The pre-publish benchmark gate failed on the native full build regressing 3012 → 4504 ms (+50%) vs the 3.13.0 baseline (threshold +25%). The regression is native-only — WASM full build improved in the same run (14214 → 13107 ms) — and the corpus is smaller (629 vs 695 files), so it's a genuine per-file slowdown, not corpus growth or runner noise.

Root cause

Profiling a freshly-built main native addon on codegraph's own source showed the cost is dominated by the P6 dataflow vertex pass (runDataflowVertexPassbuildDataflowVerticesFromMap), which runs untimed so it never surfaced in result.phases. Two inefficiencies, both pre-existing but amplified as the dynamic-call resolution phases (0–6) added more tracked dataflow:

  1. Redundant nodes-table queriesmakeNodeResolver ran 1–2 uncached queries per call and was invoked repeatedly for the same function names within each file (per param, return, assignment, argFlow, summary, capture). On a full build that's tens of thousands of redundant queries.
  2. Serial re-parse — the Rust orchestrator writes dataflow edges but not vertices, so P6 re-derives a DataflowResult for every dataflow file by calling extractDataflowAnalysis once per file — hundreds of synchronous parses on the event loop.

Fix

  • Memoise the node resolver per (relPath, funcName).
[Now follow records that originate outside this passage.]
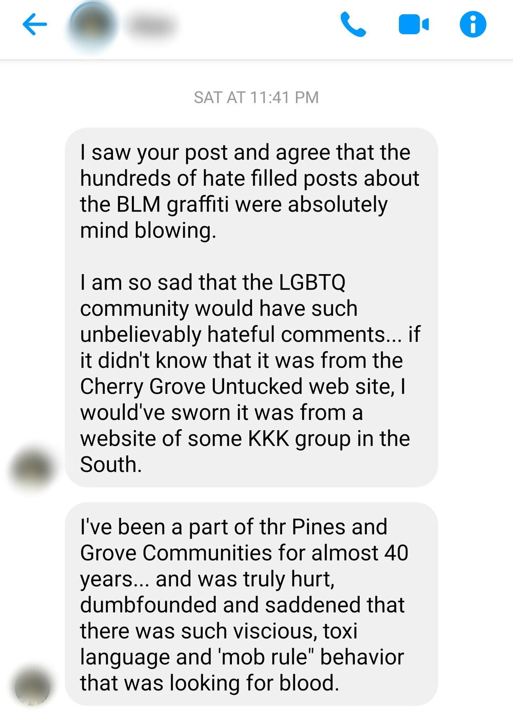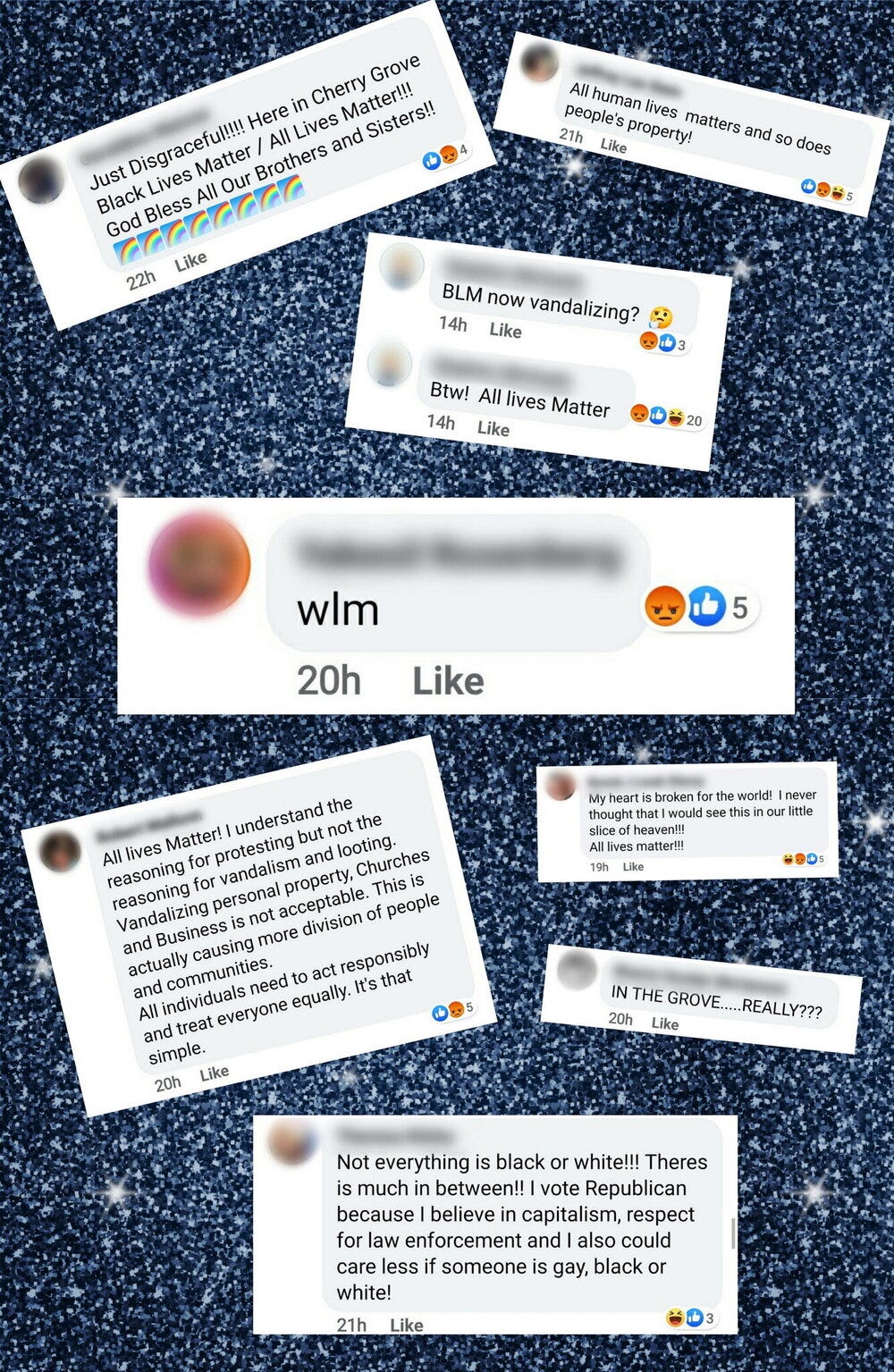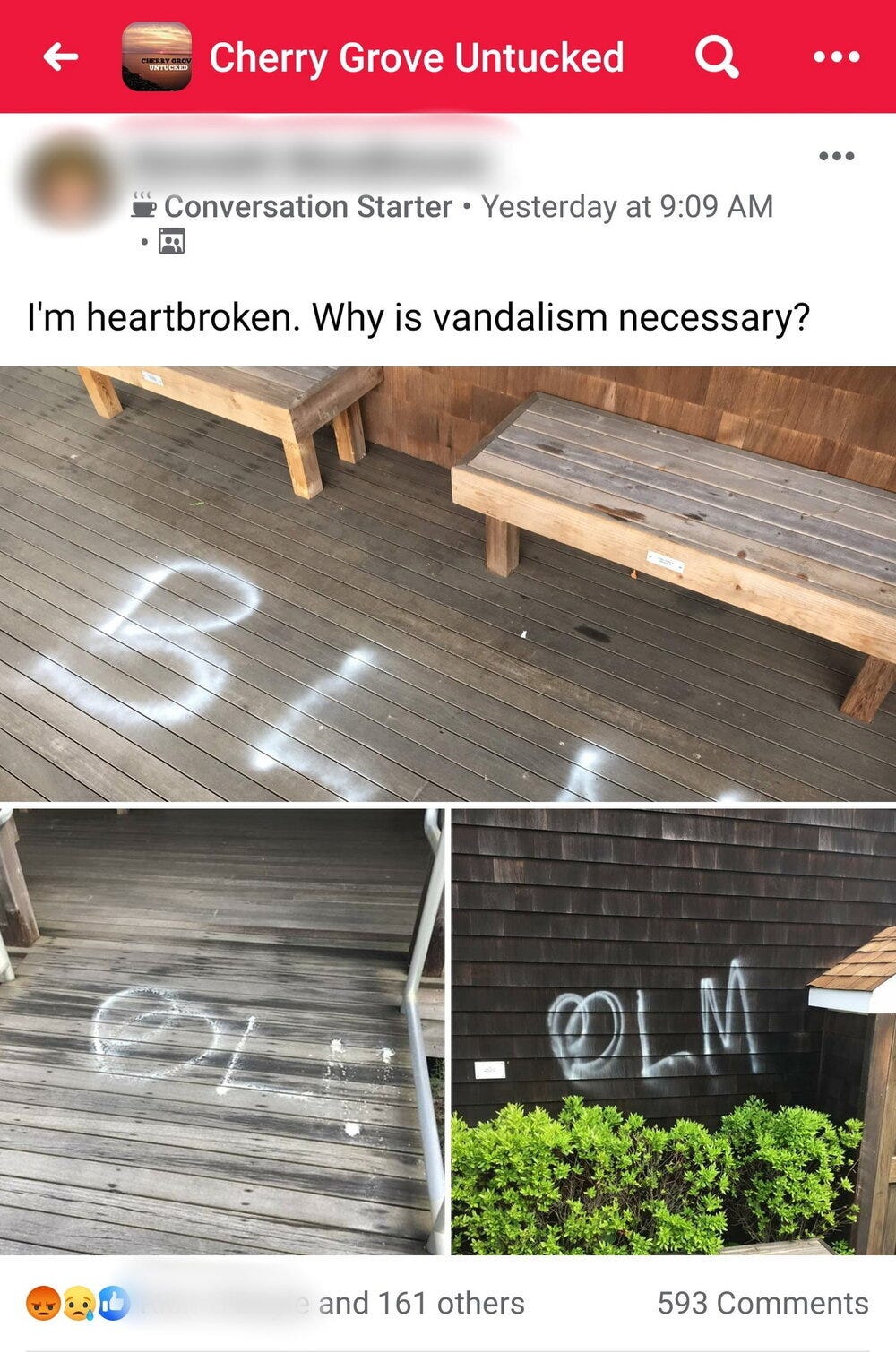 Yesterday morning, in the Cherry Grove Untucked Facebook group, someone posted photos of the Cherry Grove Community Center. Three outdoor areas of the building had the letters “BLM” spray painted on them in white, and the caption to the post read, “I’m heartbroken. Why is vandalism necessary?” This led to a barrage of responses, ranging from those expressing disapproval of the action to those who wanted to explore why someone would be moved to do such a thing in the first place. Some people were quick to blame supporters of the Black Lives Matter movement, while others expressed that this action was juxtaposed to their message and how it must have been someone who wanted to discredit what these recent protests have been all about. Seeing as how a BLM demonstration was scheduled that afternoon in the Grove, this could have very well been the case. What really stood out was the amount of people who came into the comments to say that this particular act of vandalism is precisely why “All Lives Matter”. Numerous people expressed sentiments of shock at seeing the conservative views of people in their beloved Cherry Grove. But for every person who called attention to the vandalism, there were 5 more people who would jump in to pull the focus back to the injustices that black people have experienced in this country for centuries. They reminded them of the lost lives of George Floyd and Breonna Taylor, police brutality and murder, and how all of these things have yet again reached a boiling point that has caused the world to erupt in protest against racism. For those who were focused on property, I offered up a little quip that I have seen floating around social media that I thought could help people shift their perspective;
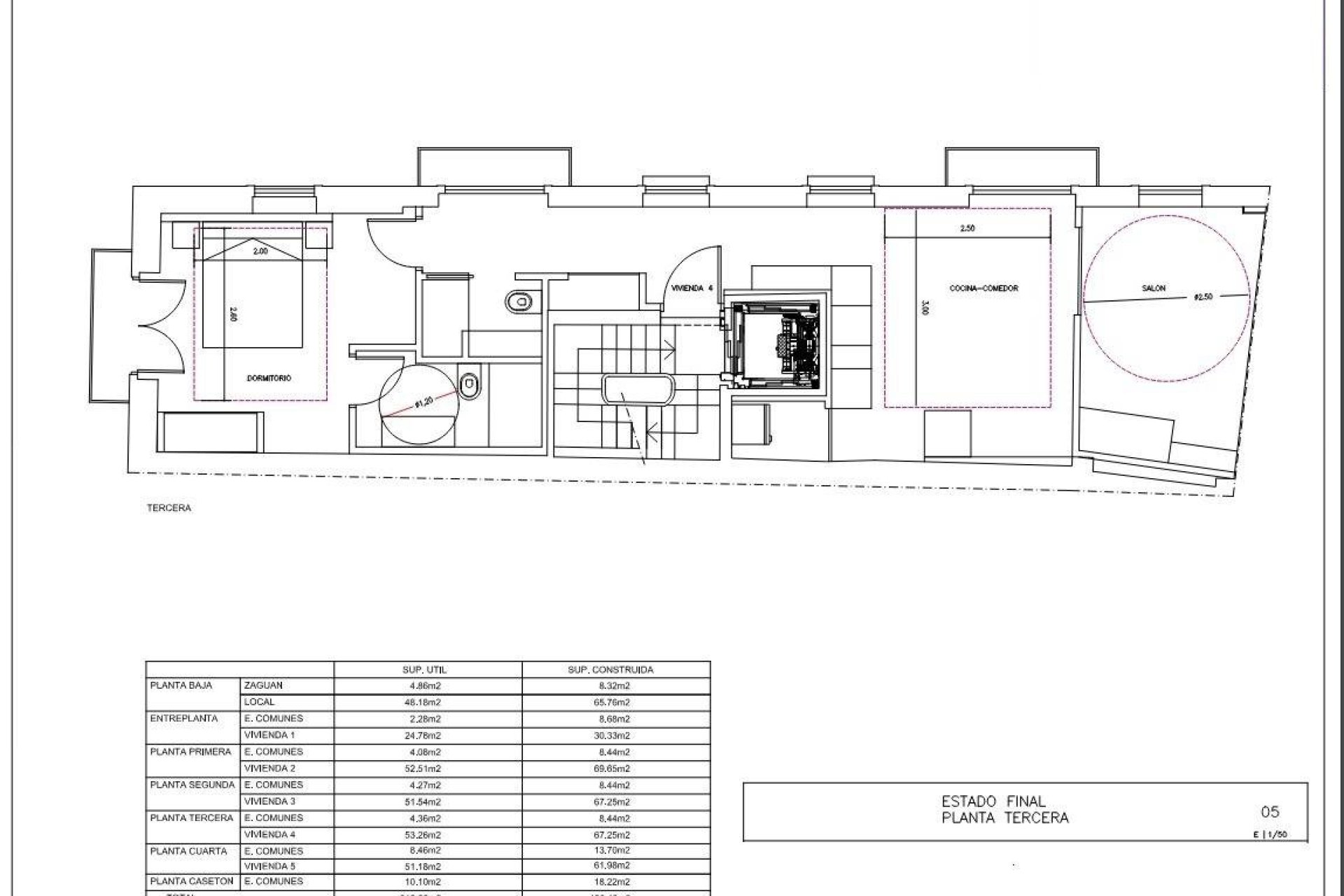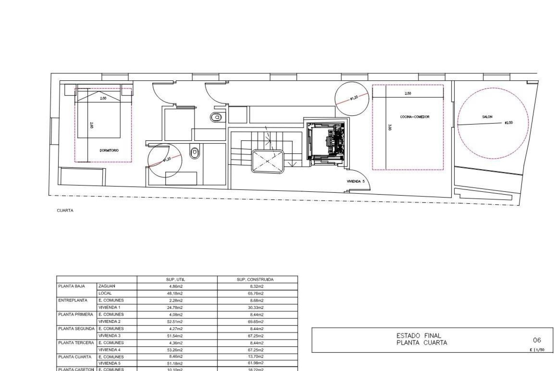 Fifth Floor: Laundry room, terraces, hydraulic elevator shaft, and staircase.
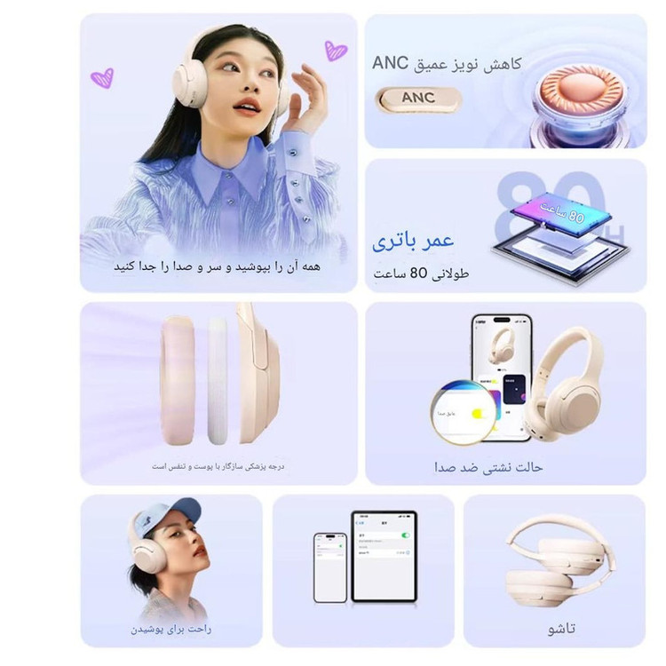 قابلیت نویز کنسلینگ: نویز کنسلینگ فعال (ANC) , نویز کنسلینگ میکروفون (ENC)

The nodes table is never mutated during P6 (only dataflow* tables are written), so the lookup is stable for the resolver's lifetime.
  • extract_dataflow_analysis_batch — a new addon export that reads + parses every requested file across the rayon thread pool in one NAPI call (each parse_source builds its own tree-sitter Parser, so it's embarrassingly parallel). runDataflowVertexPass feature-detects it and falls back to the per-file path on older addons.

Vertex/edge building stays entirely in TS (shared with the WASM engine) — the batch only changes how the DataflowResults are obtained, not how vertices are built from them, so there is no second implementation to keep in parity.

Verification

  • Result-preserving / parity-safe: a same-process batch-vs-per-file A/B on codegraph's corpus produces byte-identical dataflow output — dataflow_vertices (12200), dataflow_summary (5839), and every dataflow edge kind (arg_in/def_use/return_out/…) match, as does the inter-procedural edge semantic fingerprint.

  • All 136 dataflow tests pass.

  • Perf (idle-machine 4-way interleaved A/B, median of 6 full builds):

    arm median saved
    no fix 3215 ms
    memoise only 2751 ms 464 ms
    batch only 2879 ms 336 ms
    both 2487 ms 728 ms (−22.6%)

    Applying −22.6% to the CI figure (4504 ms) → ~3486 ms, under the 3765 ms (+25%) threshold. The query-elimination should amplify on CI's slower I/O. The pre-publish gate is the final verifier.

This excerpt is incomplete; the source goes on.